(EXERCISE INPUTS begins)

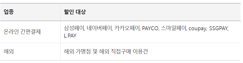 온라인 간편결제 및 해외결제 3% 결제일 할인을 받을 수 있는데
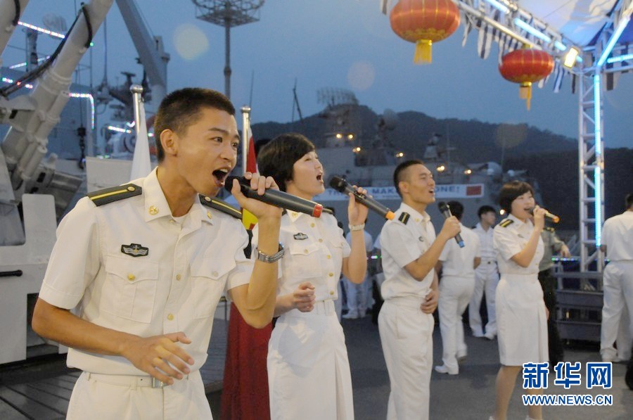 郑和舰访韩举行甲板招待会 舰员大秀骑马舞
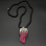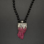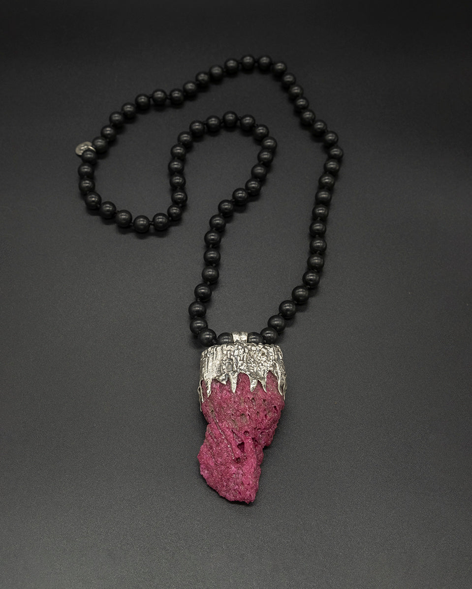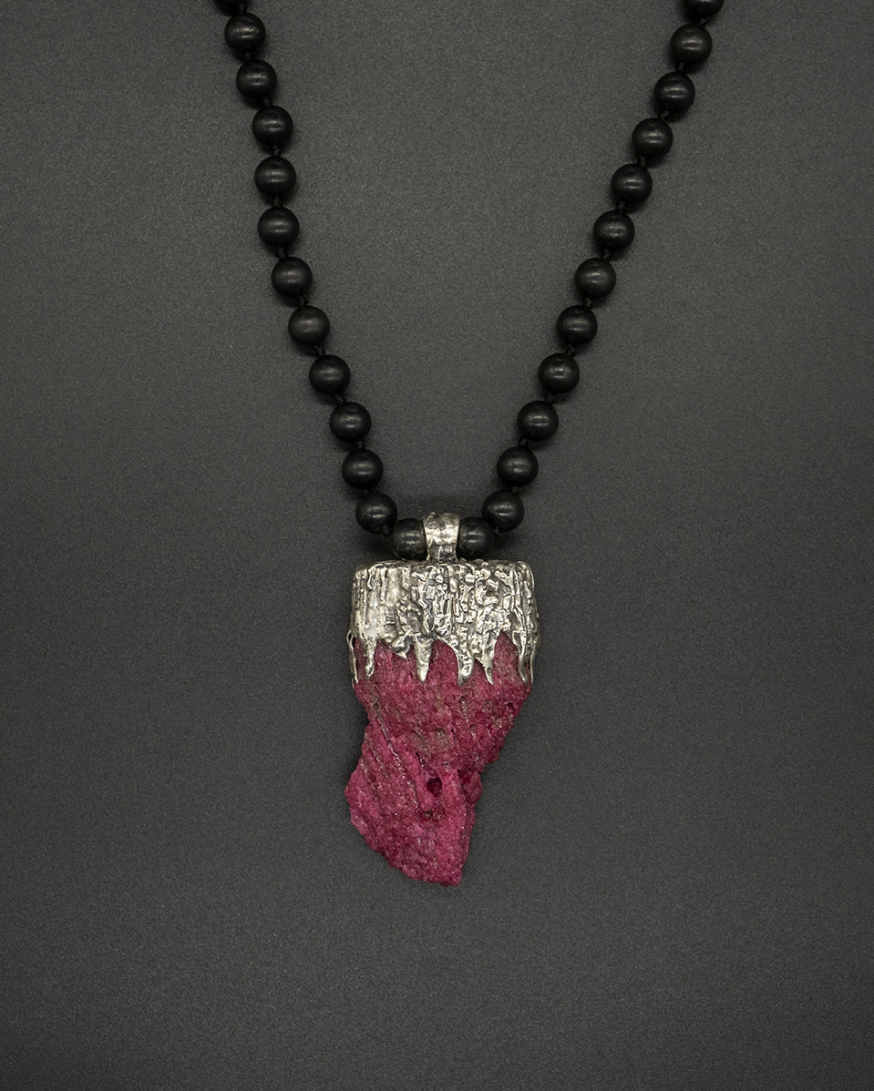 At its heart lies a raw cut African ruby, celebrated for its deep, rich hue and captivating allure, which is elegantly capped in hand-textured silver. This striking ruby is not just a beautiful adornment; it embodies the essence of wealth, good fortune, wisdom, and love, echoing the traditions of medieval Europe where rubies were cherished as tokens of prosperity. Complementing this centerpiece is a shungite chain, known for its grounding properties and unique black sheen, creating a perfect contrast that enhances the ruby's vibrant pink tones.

(EXERCISE INPUTS ends)
(EXERCISE INPUTS begins)

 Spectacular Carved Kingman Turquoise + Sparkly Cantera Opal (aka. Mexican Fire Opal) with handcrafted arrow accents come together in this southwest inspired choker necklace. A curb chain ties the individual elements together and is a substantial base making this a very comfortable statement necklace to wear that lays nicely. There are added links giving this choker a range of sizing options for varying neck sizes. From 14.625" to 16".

(EXERCISE INPUTS ends)

§ YOUR OBJECTIVE
Here the job is to copy the listing above word for word, starting at the line with "온라인 간편결제 및 해외결제 3% 결제일 할인을 받을 수 있는데" and ending at the line with "At its heart", and to leave out the pictures.

§ EXERCISE SOLUTION
 온라인 간편결제 및 해외결제 3% 결제일 할인을 받을 수 있는데
 郑和舰访韩举行甲板招待会 舰员大秀骑马舞
 At its heart lies a raw cut African ruby, celebrated for its deep, rich hue and captivating allure, which is elegantly capped in hand-textured silver. This striking ruby is not just a beautiful adornment; it embodies the essence of wealth, good fortune, wisdom, and love, echoing the traditions of medieval Europe where rubies were cherished as tokens of prosperity. Complementing this centerpiece is a shungite chain, known for its grounding properties and unique black sheen, creating a perfect contrast that enhances the ruby's vibrant pink tones.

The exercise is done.